In contrast to that, I scored much lower on remembering sequences, and on processing speed.
The clinical psychologist told me I have a processing delay. That explained why I sometimes see something happen and take a minute to understand what I saw. It also explained why I was branded “slow” in school, despite simultaneously being labelled “gifted”.
A superior way of thinking?
Society prioritises a certain kind of thought. Logical, linear thought, rationality, and set opinions are valued over intuition, making connections, vision, sensing, receptivity, pattern recognition, faith, and observation.
The qualities I listed second are often seen as being fuzzy, imprecise, inferior ways to think. But I’d contest that qualities like intuition and sensing can be extremely precise and useful skills.

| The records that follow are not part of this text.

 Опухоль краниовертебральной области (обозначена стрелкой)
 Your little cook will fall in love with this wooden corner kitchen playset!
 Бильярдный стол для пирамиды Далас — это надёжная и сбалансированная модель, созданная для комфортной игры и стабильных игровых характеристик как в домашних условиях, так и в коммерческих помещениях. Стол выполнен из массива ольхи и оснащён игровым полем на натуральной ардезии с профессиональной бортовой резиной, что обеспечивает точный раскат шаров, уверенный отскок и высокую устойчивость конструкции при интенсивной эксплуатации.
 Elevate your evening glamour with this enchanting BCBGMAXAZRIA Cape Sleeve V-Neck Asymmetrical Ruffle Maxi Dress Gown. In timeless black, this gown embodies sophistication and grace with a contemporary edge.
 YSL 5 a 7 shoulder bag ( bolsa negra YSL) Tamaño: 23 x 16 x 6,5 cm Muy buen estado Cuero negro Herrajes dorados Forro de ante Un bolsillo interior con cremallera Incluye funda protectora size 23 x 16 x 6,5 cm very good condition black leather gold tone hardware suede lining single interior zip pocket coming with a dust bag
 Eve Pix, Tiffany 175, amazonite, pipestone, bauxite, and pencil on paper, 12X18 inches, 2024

Take music: a good conductor should have a painfully acute ear, and must be able to sense the ebbing and flowing energy in a performance and pick out any mistakes immediately. They must observe every aspect of a performance. Most musicians can hear music in their head, and have a strong sense of beauty.
Learning the science of music requires logic, yes, but music requires all your abilities. Pattern recognition and sensing are vital to music, and other disciplines too. We undervalue those skills greatly.

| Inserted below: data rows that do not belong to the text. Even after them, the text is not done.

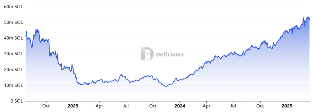 Общая стоимость заблокированных средств на Solana (TVL), SOL. Источник: DefiLlama
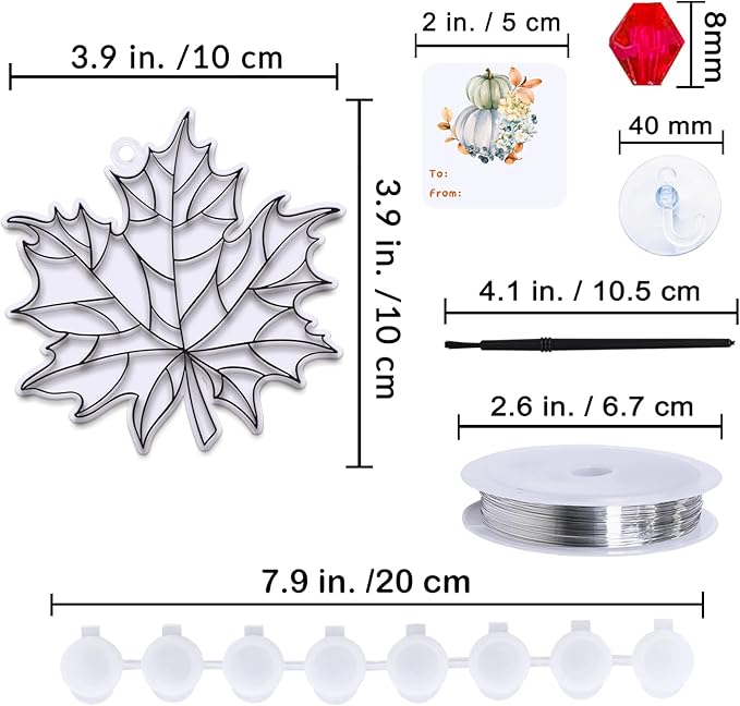 - Size: These transparent fall leaf suncatchers are about 4" in diameter. Each bottle of suncatcher paint holds 0.2 fl oz (6ml), and each mini empty paint pot holds 0.06 fl oz (2ml). The acrylic beads measure about 0.3" in diameter, and the fishing thread is approximately 393.7" long. Each suction hook is about 2.4" in diameter. The sizes are perfect for little hands! Once completed, the autumn window hanging suncatcher ornaments are perfect for glass windows, doors, porches, or gardens.
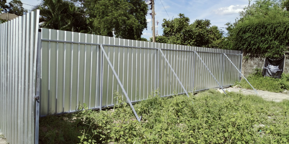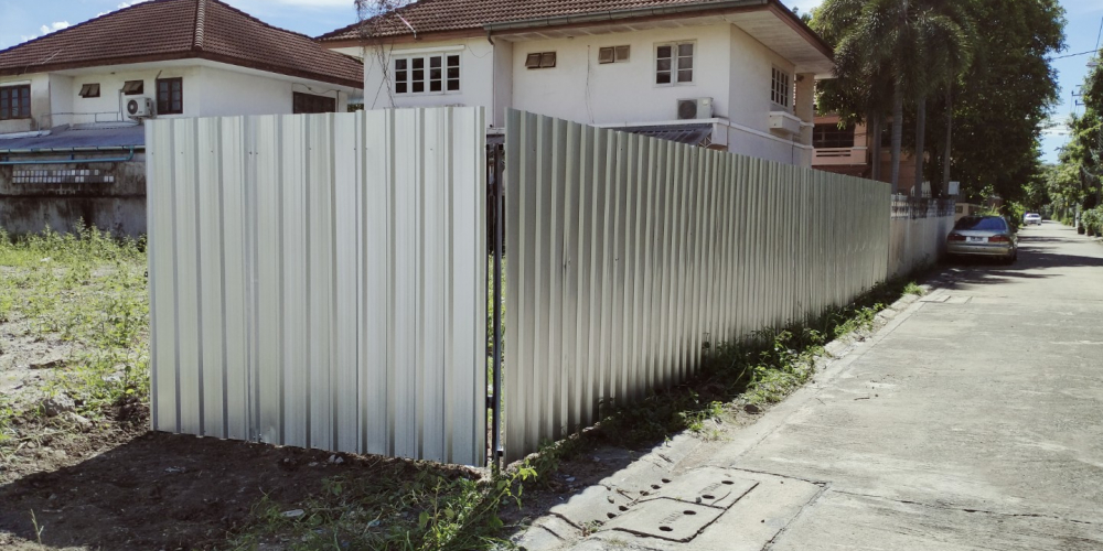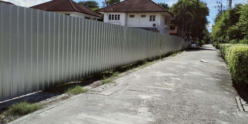 งานสร้างรั้วกั้น ถนน นวมินทร์ งานรั้ว และกำแพง : งานสร้างรั้วด้วยแผ่นเมททัลชีทตลอดแนว ทรัพย์เจริญการช่าง

Let’s talk about the way Western society worships ‘cleverness’: which is basically seen as the ability to do maths and science, memorise a lot of information, problem-solve, and win arguments. In some circles, every issue must be up for debate (however sensitive), and being emotionally invested in a position is simply weird.
This attitude is based in a very white, Western, masculine conception of thought, which is itself rooted in structural oppression and prejudice. It was held for centuries that women are more intuitive, emotional, prone to hysteria and incapable of logic, whilst men were naturally more rational. (Those views are still being aired.) White supremacists also hold that other races are intellectually inferior and incapable of rational thought.
In this paradigm, white male = capable of rational thought, which makes you fully human (“I think, therefore I am.”) Anyone perceived to exist outside this bubble of rational thought must be less human. Rational thought has long been a trump card, held over the heads of people who are assumed to be inferior.
I am not saying that rational thought is Bad in itself; it can be used for great purposes, by people of any background. But I am saying that there is no superior thinking style, and that logic and rationality are perhaps overrated. Your way of thinking does not make you more or less human than anybody else. There is no inferior way to think!
Intuition, pattern recognition, sensing and emotion have long been seen as inferior to logic. How much of our prejudice against non-linear, intuitive thought is based on a bigoted view of thought?
That leads me on to my last point: that it’s ableist to worship logic.
I was 19 before I found out that some neurodivergent people find it hard to think in a linear, logical way. Before that I’d assumed being a good person and being rational were somehow the same thing, but neurodiversity advocates like Mel Baggs changed my perspective.
Much of Baggs’s writing is about hir thinking style, which is non-verbal and based on sensing and pattern recognition. Like many other Autistic people, sie is also preoccupied with ethics.
Being unable to think logically in the conventional way does not make someone wilfully ignorant, nor does logical ability necessarily make you a better person; you can build a logical argument to justify the most evil actions. Let’s not forget Aristotle and Plato argued logically for slavery, and 19th-century scientific racists thought their own arguments were highly rational. Thinking style has nothing to do with character or views.
However, different thinking styles have everything to do with people’s brains being wired differently, which makes for an interesting and diverse world.
So let’s not dislike ourselves for “not thinking properly”. Enjoy the way you think. It’s the only way you will ever know, and the world would be poorer without it.